Is Machine Learning Unsafe and Irresponsible in Social Sciences? Paradoxes and Reconsidering from Recidivism Prediction Tasks
results: 论文的研究结果表明,这种新的方法可以更好地捕捉社会系统的复杂性和不确定性,提高预测的准确性和可靠性。Abstract
The paper addresses some fundamental and hotly debated issues for high-stakes event predictions underpinning the computational approach to social sciences. We question several prevalent views against machine learning and outline a new paradigm that highlights the promises and promotes the infusion of computational methods and conventional social science approaches.
摘要
Here's a word-for-word translation of the text into Simplified Chinese:文章讨论了社会科学 Computational Approach 高度风险预测的一些基本和热点问题。我们对数据学习的一些常见看法提出了质疑,并提出了一新的思路,强调计算方法和传统社会科学方法的融合。
MuST: Multimodal Spatiotemporal Graph-Transformer for Hospital Readmission Prediction
results: 我们的实验结果表明,包含多modal特征在内的 MuST 模型在 MIMIC-IV 数据集上的性能明显高于单modal方法。此外,我们提出的管道还超过了目前最佳的方法在医院复 admit 预测方面的表现。Abstract
Hospital readmission prediction is considered an essential approach to decreasing readmission rates, which is a key factor in assessing the quality and efficacy of a healthcare system. Previous studies have extensively utilized three primary modalities, namely electronic health records (EHR), medical images, and clinical notes, to predict hospital readmissions. However, the majority of these studies did not integrate information from all three modalities or utilize the spatiotemporal relationships present in the dataset. This study introduces a novel model called the Multimodal Spatiotemporal Graph-Transformer (MuST) for predicting hospital readmissions. By employing Graph Convolution Networks and temporal transformers, we can effectively capture spatial and temporal dependencies in EHR and chest radiographs. We then propose a fusion transformer to combine the spatiotemporal features from the two modalities mentioned above with the features from clinical notes extracted by a pre-trained, domain-specific transformer. We assess the effectiveness of our methods using the latest publicly available dataset, MIMIC-IV. The experimental results indicate that the inclusion of multimodal features in MuST improves its performance in comparison to unimodal methods. Furthermore, our proposed pipeline outperforms the current leading methods in the prediction of hospital readmissions.
摘要
This study introduces a novel model called the Multimodal Spatiotemporal Graph-Transformer (MuST) to predict hospital readmissions. By utilizing Graph Convolution Networks and temporal transformers, we can effectively capture spatial and temporal dependencies in EHR and chest radiographs. Additionally, we propose a fusion transformer to combine the spatiotemporal features from the two modalities with features from clinical notes extracted by a pre-trained, domain-specific transformer.We evaluate the effectiveness of our method using the latest publicly available dataset, MIMIC-IV. The experimental results show that the inclusion of multimodal features in MuST improves its performance compared to unimodal methods. Furthermore, our proposed pipeline outperforms the current leading methods in predicting hospital readmissions.
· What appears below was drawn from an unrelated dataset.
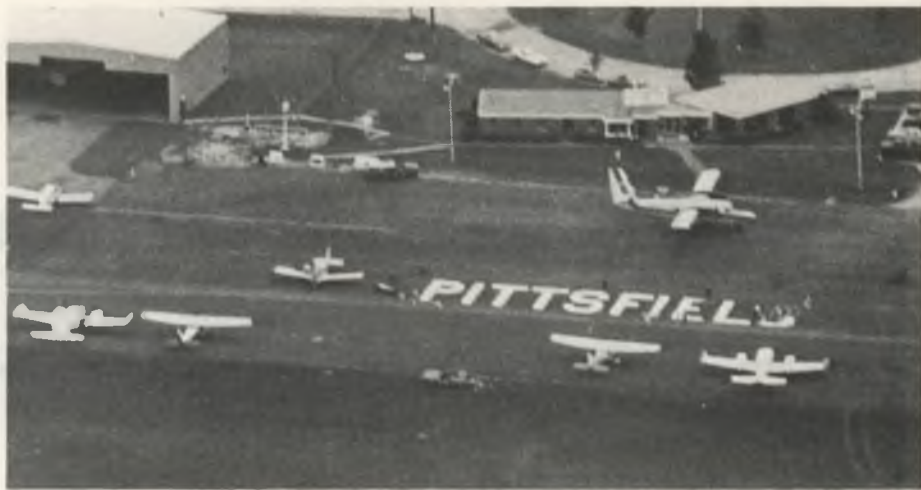
On August 5, the 99s of the Western New England Chapter and family helpers were caught in action as they put the finishing touches to their 20-foot-high letter "D" at the Pittsfield Airport in the beautiful Berkshire Hills of western Massachusetts.

The women went through the same rigorous jet training as the men followed and

results: 该论文通过设置一个大规模的实际数据集,并对现有的选择模型进行了大规模的比较,发现该提出的选择模型在短期和长期数据Period内都具有优势。Abstract
Models of choice are a fundamental input to many now-canonical optimization problems in the field of Operations Management, including assortment, inventory, and price optimization. Naturally, accurate estimation of these models from data is a critical step in the application of these optimization problems in practice, and so it is perhaps surprising that such choice estimation has to now been accomplished almost exclusively, both in theory and in practice, (a) without the use of deep learning in any meaningful way, and (b) via evaluation on limited data with constantly-changing metrics. This is in stark contrast to the vast majority of similar learning applications, for which the practice of machine learning suggests that (a) neural network-based models are typically state-of-the-art, and (b) strict standardization on evaluation procedures (datasets, metrics, etc.) is crucial. Thus motivated, we first propose a choice model that is the first to successfully (both theoretically and practically) leverage a modern neural network architectural concept (self-attention). Theoretically, we show that our attention-based choice model is a low-rank generalization of the Halo Multinomial Logit model, a recent model that parsimoniously captures irrational choice effects and has seen empirical success. We prove that whereas the Halo-MNL requires $\Omega(m^2)$ data samples to estimate, where $m$ is the number of products, our model supports a natural nonconvex estimator (in particular, that which a standard neural network implementation would apply) which admits a near-optimal stationary point with $O(m)$ samples. We then establish the first realistic-scale benchmark for choice estimation on real data and use this benchmark to run the largest evaluation of existing choice models to date. We find that the model we propose is dominant over both short-term and long-term data periods.
摘要
选择模型是操作管理领域的基本输入,包括搭配、存储和价格优化等问题。选择模型的准确估计从数据中是应用这些优化问题的重要步骤,但是到目前为止,大多数实际应用中都使用了深度学习。这是与大多数类似学习应用不同的,后者通常使用神经网络模型,并且在评价过程中坚持标准化。因此,我们首先提出一个利用现代神经网络架构思想(自注意)的选择模型,这是第一个成功地(both theoretically and practically)利用自注意来估计选择模型的实际应用。我们证明了我们的注意力基本是唯一的多omialLogit模型的低级泛化,这是一个最近的模型,可以减少人们的偏好选择效应。我们证明了在$m$是产品数量时,哈洛-多omialLogit模型需要$\Omega(m^2)$的数据样本来估计,而我们的模型可以使用标准神经网络实现,并且可以在$O(m)$的样本数据上获得近似最优的站点。我们然后建立了实际规模的选择估计 benchmark,并使用这个 benchmark 来评估现有的选择模型,发现我们的模型在短期和长期数据期间均占据了主导地位。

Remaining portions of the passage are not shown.